If you sampled, you cite the sample (element, excerpt, or whatever you wanna call it)
if you say it yourself then its no problem -- far as I know. lol
Planning on doing that myself (not gonna say what song, cause I dont want somebody to go do it before I do :p lol)

Bud Bunner said:
doesnt an element mean just the guitar or just the vocals etc?

Thats a sample. Its all the same.
 
yeah...i wanna do the same..thats why im askin...but i wasnt to clear...theres got to be something to it..i mean for example...i couldnt just spit a jay z verse on my sh it and not pay cuz its my voice right? at what point does citing the work become necessary
 
If it's your composed version of someone else's song like Dre does you write contains elements or embodies port of that song. Also if you sing a vocal melody word for word or change a couple of words like Noreaga's Superstar...in that Pharrell sings the chorus like Blondie's Rapture song but changes the words, you also write contains or embodies elements of that song. I think if you also sample a cover of an original song you write the same thing. Dre sampled a cover of Isaac Hayes Bumpy's Lament for XXplosive on Chronic 2001, not the actual Isaac Hayes version.
A sample is blatantly sampled so you write contains a sample of...
did that make sense?
 
philly_smalls said:
IDre sampled a cover of Isaac Hayes Bumpy's Lament for XXplosive on Chronic 2001, not the actual Isaac Hayes version.

i think he remade it himself, i dont think he sampled a cover
 
you may be right.
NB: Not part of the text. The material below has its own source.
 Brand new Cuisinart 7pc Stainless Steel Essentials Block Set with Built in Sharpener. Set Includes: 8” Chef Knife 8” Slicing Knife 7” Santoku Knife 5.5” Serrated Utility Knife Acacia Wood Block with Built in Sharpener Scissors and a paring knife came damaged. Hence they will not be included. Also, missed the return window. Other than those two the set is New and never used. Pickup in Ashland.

I wasn't a hundred percent sure but I have heard the cover version and it sounds almost exactly like what Dre used and also what Erykah Badu used on the song Bag Lady.
 
Yeah but the Erykah Badu version had "interpolated elements of Xxplosive" or something, thats what the inside of the cover said at least
 
Interpolation or "replayed elements" refers to playing parts of a song yourself/having a studio musician play it. Like Dre will be making a beat and tells his bassist to play the bassline from a P Funk song. Boom, interpolation. A sample, obviously, is a sample. I've never seen that "embodies" terminology used.
 
yeah...it does make a lot of sense...the whole embodies a portion of thing i see on a lot of jermaine dupri stuff...but i get it...so if you gone replay a melody, u still got to pay, if you take a sample you definetly gotta pay and if you gone take some of the words be prepared to pay...
thanks yall
 
sample- self explanatory

replayed elements- self explanatory

reinterpolation- it was replayed, but they might of switched some notes up or something

embodiment- might be the same notes played with different instruments.